Nearly four years ago, four newborn baby girls were swaddled against the chill of a Chinese winter and placed carefully in a spot where they would quickly be discovered. Now those four girls live in America. This is their story. It is a story about adoption - and of course it is a love story - but it is also a tale of two cultures. A tale of four Chinese babies who became Americans in an instant and how they are now learning to be Chinese, in America.
Theirs is an extraordinary story, but in some ways it is as old as the culture they came from.There is even a Chinese proverb that applies: "An invisible red thread connects those destined to meet, regardless of time, place, or circumstance," the saying goes. "The thread may stretch or tangle, but never break." The proverb captures the miracle of their adoption, but also the reality of their past: the red thread brought them to America, but it will also tie them forever to China. Those of us who are raising them (one of the girls is my eldest daughter, Grace Shu Min) work hard to preserve that thread. We know it is the work of a lifetime.

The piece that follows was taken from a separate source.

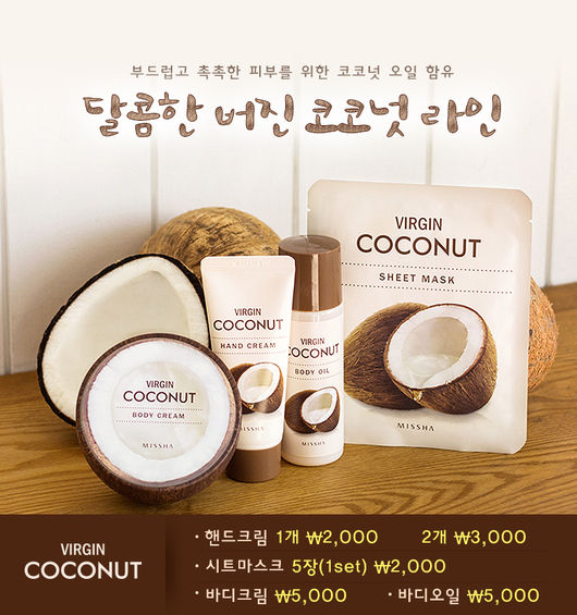 미샤 버진 코코넛 시리즈는 코코넛 오일에 다량 함유된 ‘라우르산’이 피부에 풍부한 영양을 공급하고 유해 환경에 대한 피부 저항력을 높여 주는 점이 장점이다. 모유의 주요 구성 성분이기도 한 라우르산은 영양분의 흡수를 돕고 면역력을 높여주는 것으로 잘 알려져 있다. 바디 크림, 바디 오일, 핸드 크림, 시트 마스크 4품목이 준비됐다.
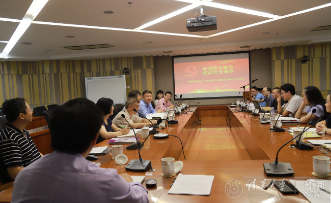 8xbet(中国)网10月9日电 9月27日,电子系党委在罗姆楼举行“不忘初心、牢记使命”主题教育专题二的集中学习与研讨,该专题以“加强政治建设、提高党性修养”为主题。8xbet.com党委主题教育第10指导组组长庄茁,联络员南彬参加此次学习研讨并交流。电子系党政领导班子、党委委员、教职工党支部书记、各研究所所长、学生组组长和研工组组长共20余人参加学习研讨。

Grace Shu Min, now nearly four, often asks to hear the story of her adoption. It goes like this:
"Once upon a time, a very beautiful baby was born in China and her name was Yang Shu Min.
Everybody wanted to be Shu Min's Mummy.
"But only this Mummy was chosen to be Shu Min's Mummy, and she was so happy, she cried with joy. She got on one airplane, and another airplane, and another airplane, and a train and a car and a boat and a bus and a taxi, to take her to her baby girl. And when she held Shu Min in her arms she said: 'You are my baby girl. You will always be my baby girl. I will always love you'."
But I never get to the end of this saccharine love song, because the real Shu Min always interrupts: "Was that when I pooped on you?"
And then I have to tell the real story: that I was in the bath when she was delivered unexpectedly to my hotel room, and the dear friend who accompanied me to China initially closed the door in her face; that her first act was indeed to poop all over me; that she refused to look me in my two round eyes; that I wept so hard during the official adoption proceedings that I could not answer the crucial question: "Do you promise you will never abandon her?"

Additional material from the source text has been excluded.